I loved that forum. D':


----------



## SparksterSanjulo (Jul 24, 2014)

It's just been combined with the normal Lolcow threads. All the threads are still there, don't worry.


----------



## KatsuKitty (Jul 24, 2014)

Blue pill was combined into lolcow as it was not particularly thriving.


----------



## Andrew Noel Schaefer (Jul 24, 2014)

It did help by putting all the stuff about SJW-ish groups in one place.

Please bring it back. Lolcow feels clogged otherwise.


----------



## José Mourinho (Jul 24, 2014)

I say bring it back. Blue Pill has some of the most popular threads (SJWs, Dashcon etc.) and it will be messier to combine it with the Lolcow forum.


----------



## Watcher (Jul 24, 2014)

Alan Pardew said:


> I say bring it back. Blue Pill has some of the most popular threads (SJWs, Dashcon etc.) and it will be messier to combine it with the Lolcow forum.


I say it's unnecessary.

None of these communities really overlap with each other or demand multiple threads. With Jace or Moleman I could see getting different forums out of necessity since you don't want like 5 Jace threads on the front page.


----------



## CatParty (Jul 24, 2014)

Cuddlebug said:


> I say it's unnecessary.
> 
> None of these communities really overlap with each other or demand multiple threads. With Jace or Moleman I could see getting different forums out of necessity since you don't want like 5 Jace threads on the front page.




Only 5?


----------



## Pikonic (Jul 25, 2014)

Alan Pardew said:


> I say bring it back. Blue Pill has some of the most popular threads (SJWs, Dashcon etc.) and it will be messier to combine it with the Lolcow forum.
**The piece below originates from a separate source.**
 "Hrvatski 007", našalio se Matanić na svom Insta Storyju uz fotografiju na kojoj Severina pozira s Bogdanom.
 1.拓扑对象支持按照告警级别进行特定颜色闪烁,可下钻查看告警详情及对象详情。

Or make a subforum called Lolherd, for all the groups of people combined into one 'lolcow' (SJW, Wizardchan, Loveshies, etc.)


----------



## Male (Jul 25, 2014)

why is deagledad banned


----------



## Mr. 0 (Jul 25, 2014)

An interesting end to a subforum: getting folded back into the parent forum from which the threads came. 
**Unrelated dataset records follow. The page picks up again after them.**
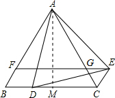 (3)过A作AM⊥BC交BC于M,可得M为BC的中点,即BM=CM=4,在直角三角形ABM中,利用勾股定理求出AM的长,而MD=4-x,在直角三角形ADM中,利用勾股定理列出关于x的方程,求出方程的解得到x的值,代入(2)的解析式中求出y的值,即为FG的长.
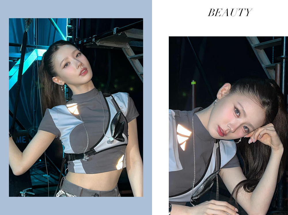 换成半扎马尾,乱中有序的造型感变得更有视觉冲击力,摇身一变为发量小富婆,平添了几分俏皮,是女团爱豆们的新宠儿。
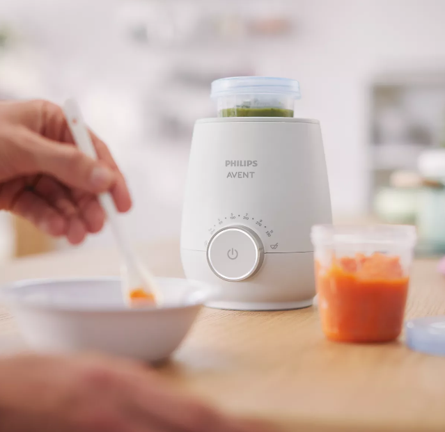 Ζεσταίνει δοχεία βρεφικής τροφής αλλά και γάλα : Όταν το μωρό σας είναι έτοιμο να μεταβεί στις στερεές τροφές, μπορείτε να χρησιμοποιείτε τον θερμαντήρα μπιμπερό για την απόψυξη και το ζέσταμα δοχείων βρεφικής τροφής.
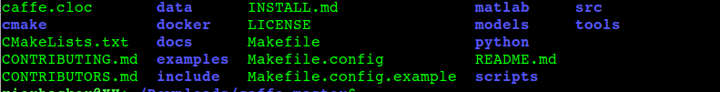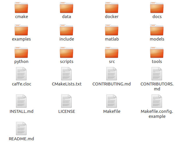 首先你需要从github上面clone或者下载.zip的压缩包。效果是一样的。然后你得到一个cafffe-master的压缩包或者文件夹。进到这个文件夹里面,你会看到是这个样子的。

Can we delete the moleman subforum yet?


----------



## Trombonista (Jul 25, 2014)

Maybe we can get a Golden Knight subforum instead.


----------



## Null (Jul 26, 2014)

So for someone to get their own subforum, generally speaking, you'll want a person who:

1) Is active.
2) Has content coming from a reliable source close to the board (Marvin, DeagleDad, Willow)
3) Has enough people talking about them that an individual update thread would warrant a conversation.

Jace meets all of the above.
Gabe met all of the above until he simmered out. He was worthy of a subforum when it was created, but if it were for consideration now, he wouldn't meet criteria.
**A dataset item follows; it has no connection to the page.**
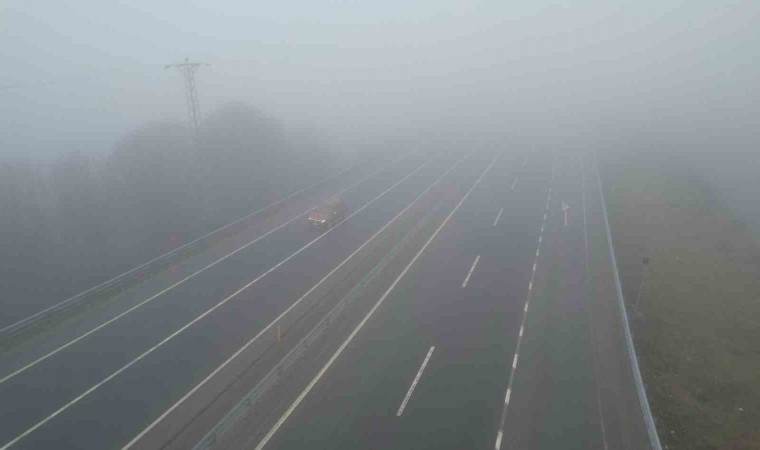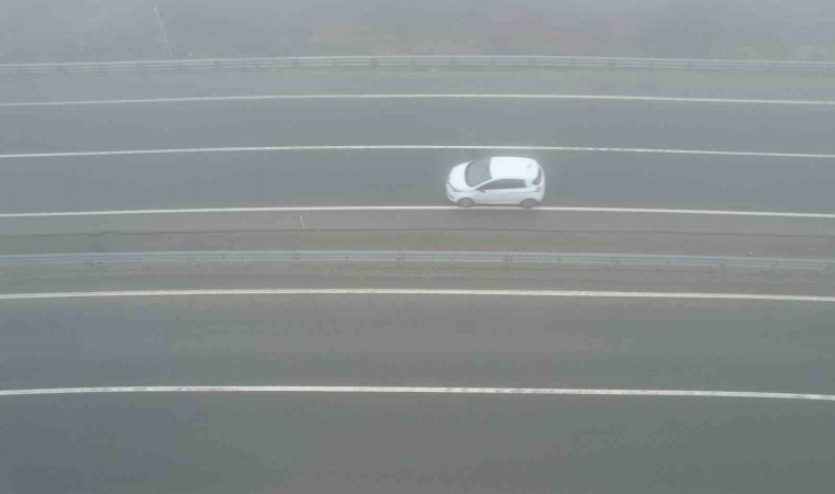 Öte yandan karayolundaki sis dron ile havadan görüntülendi.

I've considered Pixyteri for it but while she does meet what is required, she isn't really interesting enough to warrant it. The people who care are basically a gaggle of women that hate how poorly she dresses herself. I don't know enough about the Golden Knight, but he and someone else also come up now in chat at least once.

Ultimately it's up to Kats, but the risk of failure is low. Make a trial board, and if it flops, just take all posts, merge it back into the General thread, and then move it to Lolcow. Exactly like what was planned with Moleman.


----------